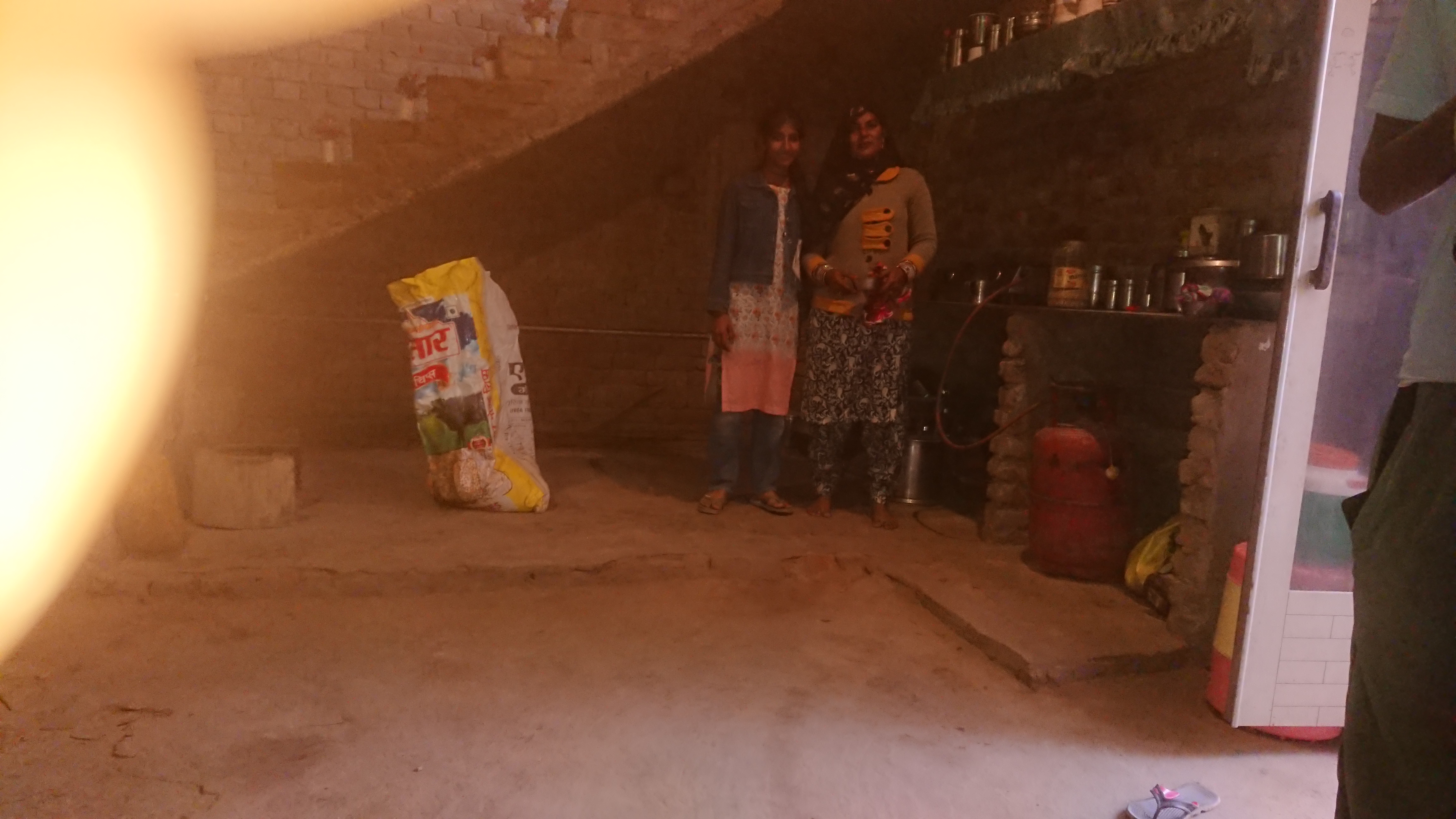 La maison est située sur l'une des places du village, en face du plus grand des quatorze temples. Située au fond d’une petite cour, la porte d’entrée, seule source de lumière de la maison, donne sur la pièce principale d’environ 20 m². Sur la droite, un escalier monte vers ce qui ressemble à un grenier. Par terre, au pied de cet escalier, se trouve le foyer à bois pour la cuisine. La pièce ne comporte aucun meuble, à part un charpaï. Sur le mur du fond, une porte mène à une deuxième pièce, mais je n’ai aucune idée de sa taille ni de sa fonction.
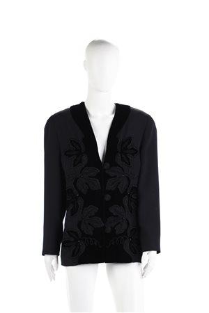 SCHON MILA - Giacca in seta e pelle con ricami in velluto e perline nere.
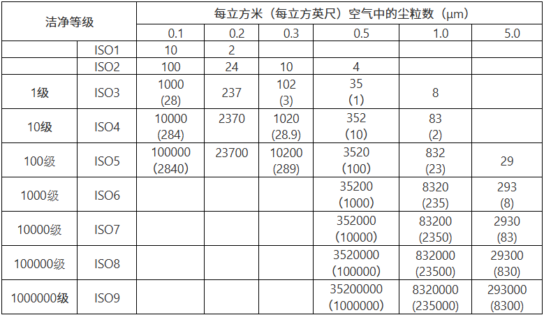 洁净室洁净度等级表
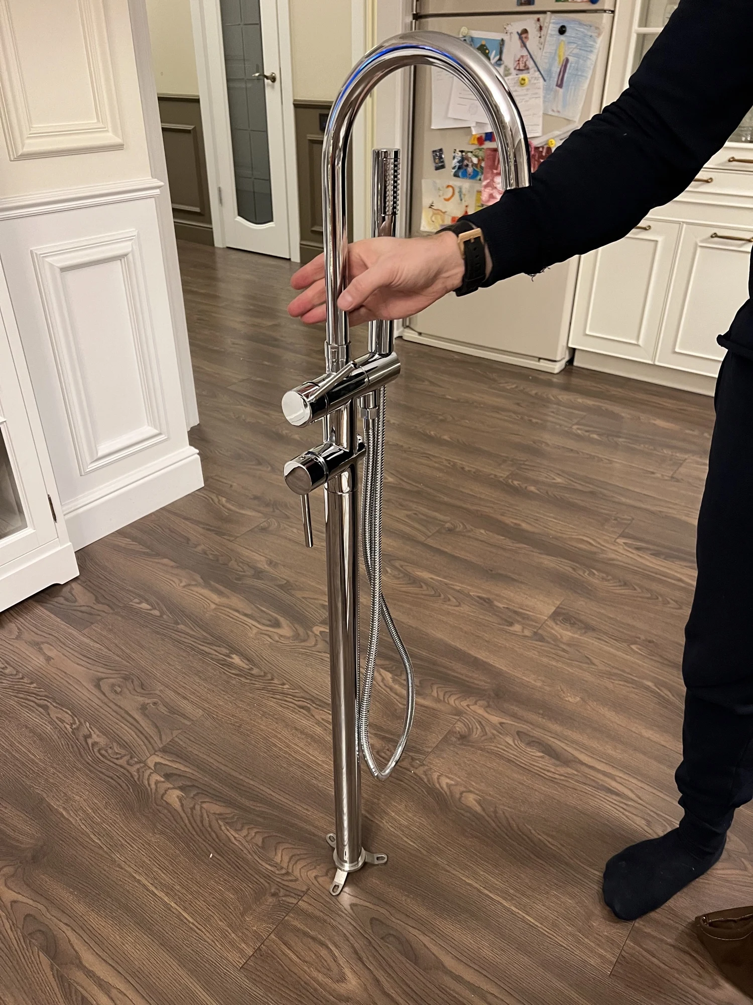 The Index Bath Black Gold Square Bathtub Shower Faucet Floor Faucet Shower Mixer is made from high quality brass. It has a single handle that can be set in any position, making it easy to control the water temperature and volume. It features a ceramic disc valve that ensures a long lifespan and prevents leaks, while the high-quality finish resists tarnishing and corrosion.
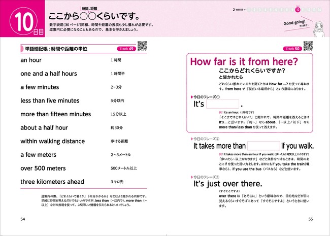 「毎日単語・フレーズを10個」「数のかぞえ方」「時間の表現」「道案内」など、簡単な課題にもトライ。覚えているようで、意外に忘れている内容ばかりで、「あぁ、これって中学生のころに習ったな」などと楽しく取り組めます。ドリルと連動した音声も聞けるので、耳を慣らし、口に出すことでも英語の感覚をとり戻し、無理なく英語をやり直せます。
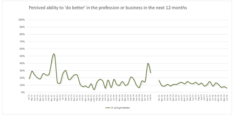 Analysis of the perceived economic opportunities in the months of April, May and June 2018 indicate that the expectations in terms of job prospects of people or developing the status of their business in the ensuing 12 months has reduced compared to the first quarter of year 2018.
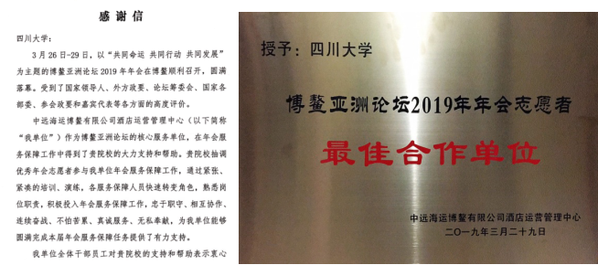 通过全面系统的培训和演练,志愿者们快速转变角色,尽快熟悉工作岗位,积极投入博鳌年会服务工作,为博鳌亚洲论坛2019年年会贡献自己的力量;志愿者们团结协作,以饱满的热情、真诚的微笑服务每一位来宾。志愿者的出色表现充分展示了川大学子良好的精神风貌,赢得了参会代表及合作单位的一致好评。3月27日,新华社对太阳成集团tyc33455cc志愿者服务进行了报道;3月28日,巴基斯坦前总理对川大志愿者高质量服务进行表扬和赞美;4月3日,中远海运博鳌有限公司酒店运营管理中心特意为太阳成集团tyc33455cc撰写感谢信和授予“最佳合作单位”牌匾。
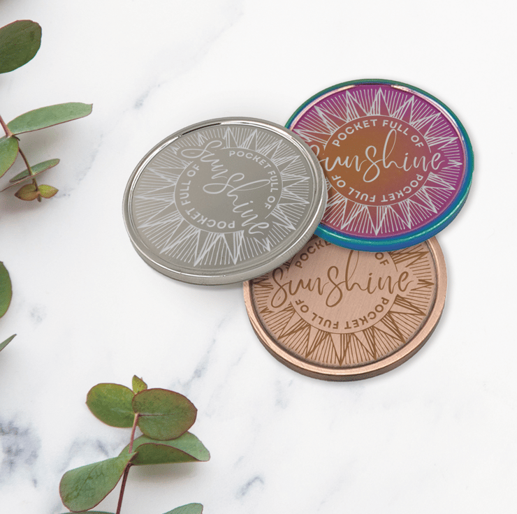 Carry a little sunshine with you wherever you go with our "Pocket Full of Sunshine" Engraved Metal Coin. This adorable and thoughtful gift is available in a range of different metals, adding a touch of warmth to your pocket.
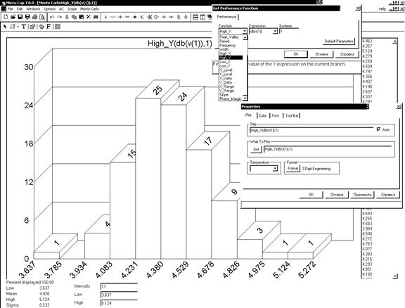 Статистическая обработка результатов моделирования производится по команде Monte Carlo/Histograms/Add Histograms. Ее результаты представляются в виде гистограммы, примерный вид которой показан на рис. 4.24. Двойной щелчок курсором мыши, расположенном в окне гистограмм, открывается диалоговое окно задания параметров Properties (закладка Plot), оно же открывается в начале выполнения команды Add Histograms. В нем в строке Function (вызываемой нажатием клавиши GET) указывается имя анализируемой функции F, а в строке Expression — имя характеристики цепи у (см. рис. 4.24).
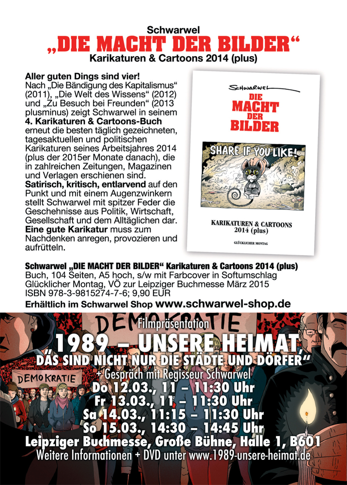 Do 12. – So 15.03., 10 – 18 Uhr Glücklicher Montag mit Verlagsprogramm + VÖ Buch „Die Macht der Bilder – Karikaturen & Cartoons 2014 (plus)“ von Schwarwel am Gemeinschaftsstand Comic/Graphic Novel Halle 5, B209
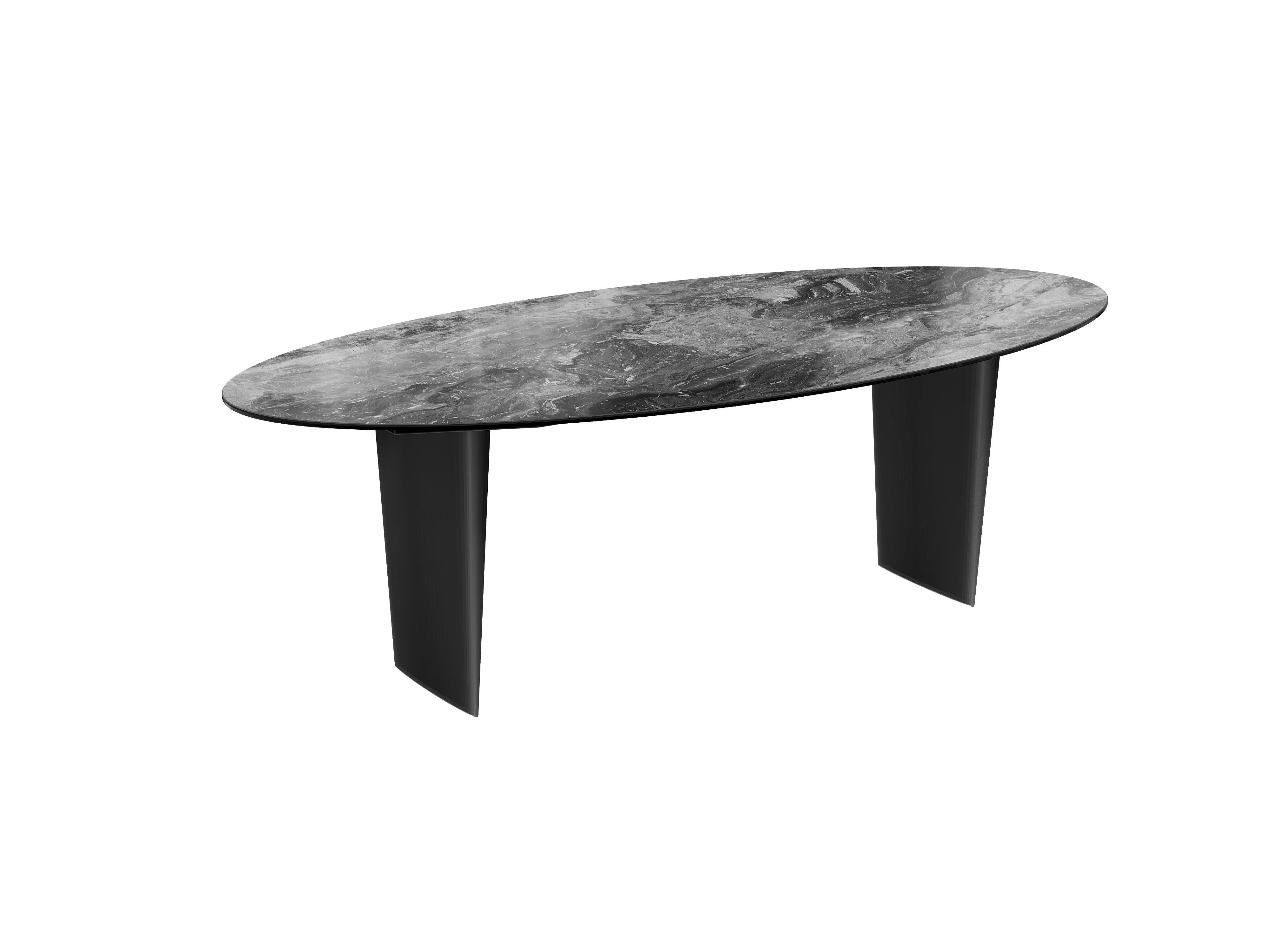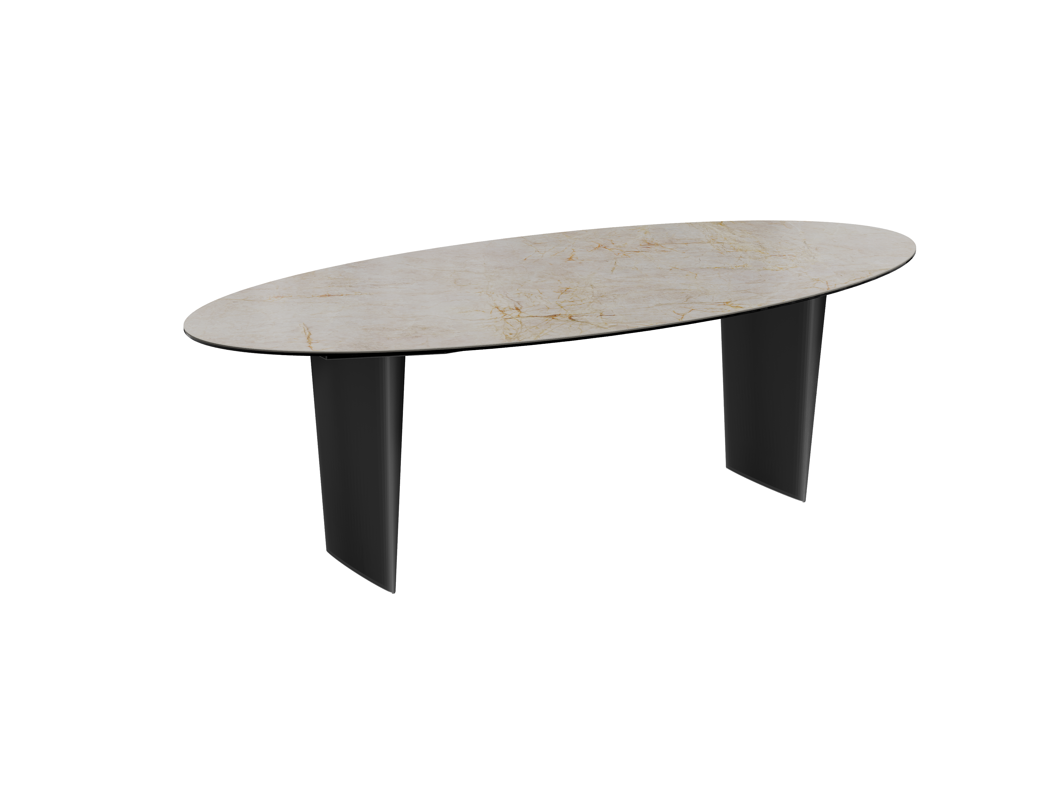 Gestallten Sie Ihr Esszimmer, indem sie den neuen Esstisch-Goliath zu Ihrem eigenen machen. Erhältlich in der Ausführung Doro-Marmor besteht ihre Tischplatte aus 6 mm dicken Keramik und ist auf einer 8 mm dicken Glasplatte geklebt. Durch sein einzigartiges Gestell aus mattschwarz lackiertem Stahl verleiht sie Ihrem Wohnzimmer einen Hauch von Modernität. Dieser Esstisch misst 240 cm in der Länge und 112 cm in der Breite und passt sich jeden Einrichtungsstil des Innenraums an. Dank seiner Größe bietet der Esstisch Platz für gesellige Mahlzeiten mit bis zu 8 Personen.

TASK INSTRUCTIONS: What is needed is every entry written out word for word, with no pictures.

WRITTEN ANSWER:
 La maison est située sur l'une des places du village, en face du plus grand des quatorze temples. Située au fond d’une petite cour, la porte d’entrée, seule source de lumière de la maison, donne sur la pièce principale d’environ 20 m². Sur la droite, un escalier monte vers ce qui ressemble à un grenier. Par terre, au pied de cet escalier, se trouve le foyer à bois pour la cuisine. La pièce ne comporte aucun meuble, à part un charpaï. Sur le mur du fond, une porte mène à une deuxième pièce, mais je n’ai aucune idée de sa taille ni de sa fonction.
 SCHON MILA - Giacca in seta e pelle con ricami in velluto e perline nere.
 洁净室洁净度等级表
 The Index Bath Black Gold Square Bathtub Shower Faucet Floor Faucet Shower Mixer is made from high quality brass. It has a single handle that can be set in any position, making it easy to control the water temperature and volume. It features a ceramic disc valve that ensures a long lifespan and prevents leaks, while the high-quality finish resists tarnishing and corrosion.
 「毎日単語・フレーズを10個」「数のかぞえ方」「時間の表現」「道案内」など、簡単な課題にもトライ。覚えているようで、意外に忘れている内容ばかりで、「あぁ、これって中学生のころに習ったな」などと楽しく取り組めます。ドリルと連動した音声も聞けるので、耳を慣らし、口に出すことでも英語の感覚をとり戻し、無理なく英語をやり直せます。
 Analysis of the perceived economic opportunities in the months of April, May and June 2018 indicate that the expectations in terms of job prospects of people or developing the status of their business in the ensuing 12 months has reduced compared to the first quarter of year 2018.
 通过全面系统的培训和演练,志愿者们快速转变角色,尽快熟悉工作岗位,积极投入博鳌年会服务工作,为博鳌亚洲论坛2019年年会贡献自己的力量;志愿者们团结协作,以饱满的热情、真诚的微笑服务每一位来宾。志愿者的出色表现充分展示了川大学子良好的精神风貌,赢得了参会代表及合作单位的一致好评。3月27日,新华社对太阳成集团tyc33455cc志愿者服务进行了报道;3月28日,巴基斯坦前总理对川大志愿者高质量服务进行表扬和赞美;4月3日,中远海运博鳌有限公司酒店运营管理中心特意为太阳成集团tyc33455cc撰写感谢信和授予“最佳合作单位”牌匾。
 Carry a little sunshine with you wherever you go with our "Pocket Full of Sunshine" Engraved Metal Coin. This adorable and thoughtful gift is available in a range of different metals, adding a touch of warmth to your pocket.
 Статистическая обработка результатов моделирования производится по команде Monte Carlo/Histograms/Add Histograms. Ее результаты представляются в виде гистограммы, примерный вид которой показан на рис. 4.24. Двойной щелчок курсором мыши, расположенном в окне гистограмм, открывается диалоговое окно задания параметров Properties (закладка Plot), оно же открывается в начале выполнения команды Add Histograms. В нем в строке Function (вызываемой нажатием клавиши GET) указывается имя анализируемой функции F, а в строке Expression — имя характеристики цепи у (см. рис. 4.24).
 Do 12. – So 15.03., 10 – 18 Uhr Glücklicher Montag mit Verlagsprogramm + VÖ Buch „Die Macht der Bilder – Karikaturen & Cartoons 2014 (plus)“ von Schwarwel am Gemeinschaftsstand Comic/Graphic Novel Halle 5, B209
 Gestallten Sie Ihr Esszimmer, indem sie den neuen Esstisch-Goliath zu Ihrem eigenen machen. Erhältlich in der Ausführung Doro-Marmor besteht ihre Tischplatte aus 6 mm dicken Keramik und ist auf einer 8 mm dicken Glasplatte geklebt. Durch sein einzigartiges Gestell aus mattschwarz lackiertem Stahl verleiht sie Ihrem Wohnzimmer einen Hauch von Modernität. Dieser Esstisch misst 240 cm in der Länge und 112 cm in der Breite und passt sich jeden Einrichtungsstil des Innenraums an. Dank seiner Größe bietet der Esstisch Platz für gesellige Mahlzeiten mit bis zu 8 Personen.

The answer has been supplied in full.